I’ve been crying a lot lately, but my therapist says it’s normal and shows I’m actually processing things instead of bottling them up and pushing them down. I’ll try to update in a month or so, if my emotions level out some, to explain a few more of the details but I wanted to get this out there, and thank everyone for their continued support and encouragement.

I appreciate each and every one of you. I really do. You gave me the hope that leaving him wasn’t going to be this giant black mark I’d never heal from or move on from. Work is going well, and the sense of normality and routine is helping me avoid feeling like everything has been spiraling out of control.

People were so glad to hear the update.

PanicConsistent9656 wrote:

Congratulations, OP! You're free!

Now it's time for you to heal.

I wish good things to come for you and that you settle into your new life well.

OP responded:

Thank you, part of me feels like I should notice healing, but while my therapist says it's happening, I don't see it.
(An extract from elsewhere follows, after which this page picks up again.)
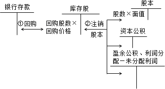 股份有限公司以收购本企业股票方式减资的,按注销股票的面值总额减少股本,购回股票支付的价款超过面值总额的部分,依次冲减“资本公积”、“盈余公积”和“利润分配——未分配利润”等科目;相反增加资本公积(股本溢价)。

Not yet anyway. Hopefully soon I will.

Elderberry365 wrote:

The Judge clocked him as a n*rcissistic off the bat because the Judge sees that s-t all the time. It isn't normal in any sense to be held in contempt even once during a hearing.

Don't blame yourself for not seeing it. It's not the same when you're personally involved. Congrats on achieving your escape and divorce. You may feel out of control, but it seems like you are doing really well considering all you have been through.

AuthorBensonEWolf wrote:

I'm glad your lawyer made the move and sent the letter to your ex-SIL work. She's a danger to those that she might have been helping. If you haven't gone out to eat yet, go get you a ghost pepper chicken sandwich from Popeyes to celebrate how your ex has been left spicy.

carolinecrane wrote:

I'm so happy for you that you're free of his abuse. Those 'friends' don't deserve to have you in their lives either. You'll find new people who are worthy of your friendship now that you're not being held down by someone else's ego. The sister losing her job is great news for all the abused women in her city, too.

I'm sure the judge has seen people like your ex many times and is very familiar with their attempts to manipulate. Don't be hard on yourself for not seeing the signs; you shouldn't have needed to look for them. I'm very glad you got a judge who is familiar and acted accordingly.

He can say whatever he wants in his courtroom, and even though your ex won't take it to heart, I'm glad he had to hear someone finally tell him he's not the smartest person in the room.